- Oymyakon Plateau Location within Far Eastern Federal District

Highest point
- Peak: Dzhakai-Tasa
- Elevation: 1,891 m (6,204 ft)

Dimensions
- Length: 50 km (31 mi)
- Width: 30 km (19 mi)

Geography
- Country: Russia
- Federal subject: Sakha Republic
- Range coordinates: 63°15′N 141°30′E﻿ / ﻿63.250°N 141.500°E
- Parent range: Yana—Oymyakon Highlands, East Siberian System

Geology
- Rock types: Sandstone, granite and intrusions

= Oymyakon Plateau =

Mountain range

The Oymyakon Plateau (Оймяконское плоскогорье, Өймөкөөн үрдэлэ) is a mountain plateau in the Sakha Republic, Far Eastern Federal District, Russia.

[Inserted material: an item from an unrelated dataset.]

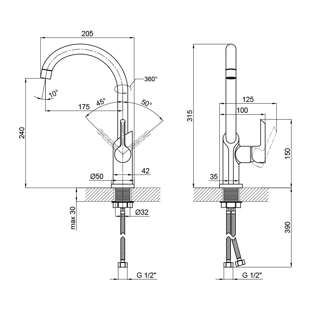Змішувач, Гнучкий підвід, Кріпильні деталі

The plateau is in the area of the famous Oymyakon Depression, where record low temperatures are registered, although the region is about 3000 km to the south of the geographic North Pole.

The Oymyakon Plateau is one of the areas of Yakutia where kigilyakhs are found.

==Geography==
The Oymyakon Plateau is located in the eastern Sakha Republic, in the upper course of the Indigirka River. Together with the Yana Plateau to the north, and the Elgi Plateau to the northwest, it is part of the Yana—Oymyakon Highlands. The plateau is limited by the Chersky Range to the east and by the Suntar-Khayata and the Tas-Kystabyt range of the Verkhoyansk Range to the west, connecting both mountain regions. The highest elevations are found in the mountain massifs rising above the plateau; the highest point is 1891 m high Dzhakai-Tasa.

==Climate and flora==
The elevation of the plateau surface has two clearly delimited zones and in the intermontane basins, frosty air is trapped in the winter creating inversions. This leads to an average nighttime temperature in January of about -50 °C in some areas.

There are taiga type forests of larch up to 1200 m and mountain tundra in the higher elevations.